What I'm about to say will result in an angry phone call from my mother. I'm sorry Amma, but I need to say this.

People need to hear this. College acceptance is quite possibly the number-one most harmful and stressful period of an Indian teenager's life. Here's the hard truth to all the judgmental parents out there: THERE ARE NO BAD COLLEGES. UC Berkeley is a very good school, but it is not the only indicator of your child's success. Say it after me: "Community college is OK. State Universities are OK. Attending an out-of-state university is OK."

Who gave these people the right to call out somebody else's kid on their college acceptance?

Why should they care if someone else's kid goes to a college they haven't heard of? Why don't they think of the reasons why that child might be going there? Maybe the program of study the child wants to pursue is very esteemed at that school. Maybe the child didn't want to attend any other schools. Maybe that was the child's dream school. Maybe that was the best school that child got into.

Or maybe, JUST maybe, that was the only school that child's family could afford.

Everyone's stories are different. Everyone's kids are different. If your child got into Harvard, good for you! I could care less that your child goes to Harvard, and so should everyone else as well. The last thing everyone needs is you bragging about your children, and the last thing we need is to be compared to your kids. Your child's acceptance to a top ten school does NOT demean the rest of our efforts. We're all still Dean's list-, honors program-, summa cum laude-worthy students. Name brand does NOT matter.

Your parenting is reflected in your kids.

If you raise your children telling them anything less than UC Berkeley is equivalent to failure, those kids will grow up only thinking they'll be a success if they attend said school.

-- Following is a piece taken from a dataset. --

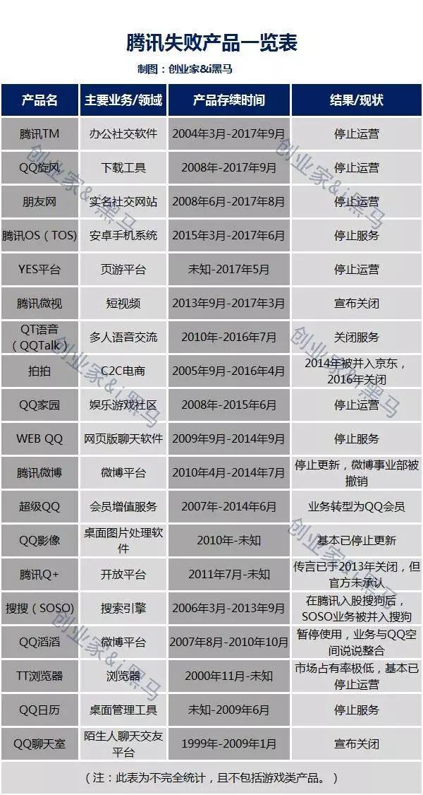 编者按:听说创业公司只要招到腾讯的产品经理就不用愁了?No,梳理一遍腾讯的产品孵化史,你会发现腾讯并不是神:QQ、微信的光环之下,其实也有着众多的失败产品。

They'll be afraid to fail and make mistakes. They'll worry about disappointing you. And worst of all, they'll go around breaking the hearts of those who didn't get into said school. A friend of mine was literally told to her face that the school she currently attends isn't good enough to grant her a job after graduation. In my opinion, if your kid is going around bullying other children with academics like that...

You've done a bad job at parenting.

Writing this article was hard for me. I can't predict the outcome of this article. Some will dislike it, others will praise it. I might be gossiped about for it back home, which just proves everything I just said. People might call out my mother because I wrote this article, and as much as I dislike that, I don't mind. I know she doesn't need to mind either because she can sleep easy knowing she raised a very strong-willed, independent, outgoing young woman with powerful opinions. Her daughter's voicing the thoughts of thousands of people. I couldn't care less myself, because I'm 3,000 miles away from home amongst some of the most loving, accepting people.

But it had to be said. Parents need to know the extent of their words. Future parents need to know how to raise their children. Parents' jobs should be to focus on their families, their children, and their futures. Not anyone else's. Just their own.